**What you are asked to do**
Starting at the line that contains "Kosmetolog do zabiegu", repeat each line of the listing below through the last one, exactly, and leave out every picture.

**** Information shown

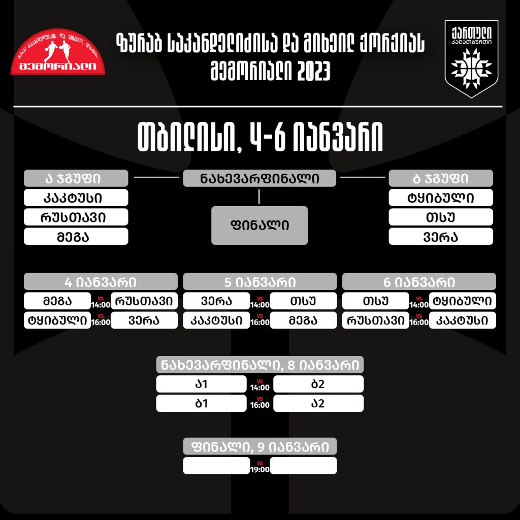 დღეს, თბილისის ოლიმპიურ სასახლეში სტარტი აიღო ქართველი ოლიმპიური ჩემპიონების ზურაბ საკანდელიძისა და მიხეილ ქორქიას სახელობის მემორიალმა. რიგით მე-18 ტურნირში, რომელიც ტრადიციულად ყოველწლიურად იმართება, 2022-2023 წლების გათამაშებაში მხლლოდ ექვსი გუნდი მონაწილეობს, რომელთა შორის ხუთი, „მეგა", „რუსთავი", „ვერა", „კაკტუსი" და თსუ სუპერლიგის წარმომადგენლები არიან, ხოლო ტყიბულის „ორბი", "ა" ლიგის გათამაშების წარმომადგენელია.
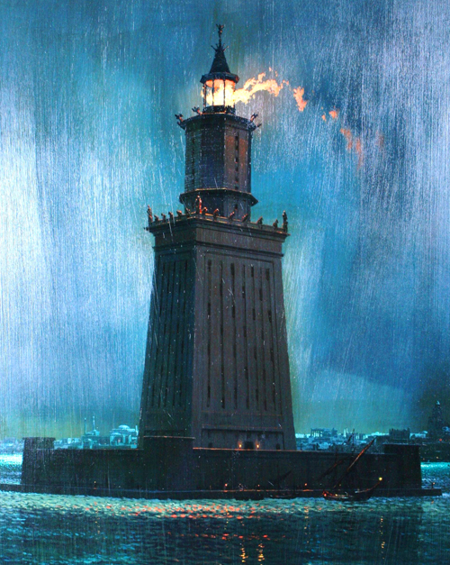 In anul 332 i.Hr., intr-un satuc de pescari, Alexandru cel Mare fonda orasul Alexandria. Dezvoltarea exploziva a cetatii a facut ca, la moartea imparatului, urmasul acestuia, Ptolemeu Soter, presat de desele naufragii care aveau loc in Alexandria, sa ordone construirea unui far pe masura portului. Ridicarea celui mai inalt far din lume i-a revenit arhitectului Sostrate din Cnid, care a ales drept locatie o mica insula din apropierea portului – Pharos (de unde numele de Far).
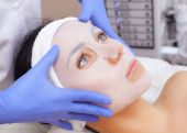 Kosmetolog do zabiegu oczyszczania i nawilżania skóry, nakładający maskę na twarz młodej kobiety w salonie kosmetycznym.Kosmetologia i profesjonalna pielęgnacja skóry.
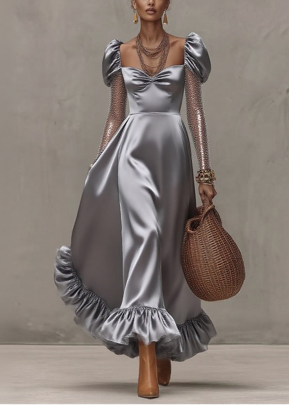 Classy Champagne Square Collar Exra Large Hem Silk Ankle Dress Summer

********

**Finished task**
 Kosmetolog do zabiegu oczyszczania i nawilżania skóry, nakładający maskę na twarz młodej kobiety w salonie kosmetycznym.Kosmetologia i profesjonalna pielęgnacja skóry.
 Classy Champagne Square Collar Exra Large Hem Silk Ankle Dress Summer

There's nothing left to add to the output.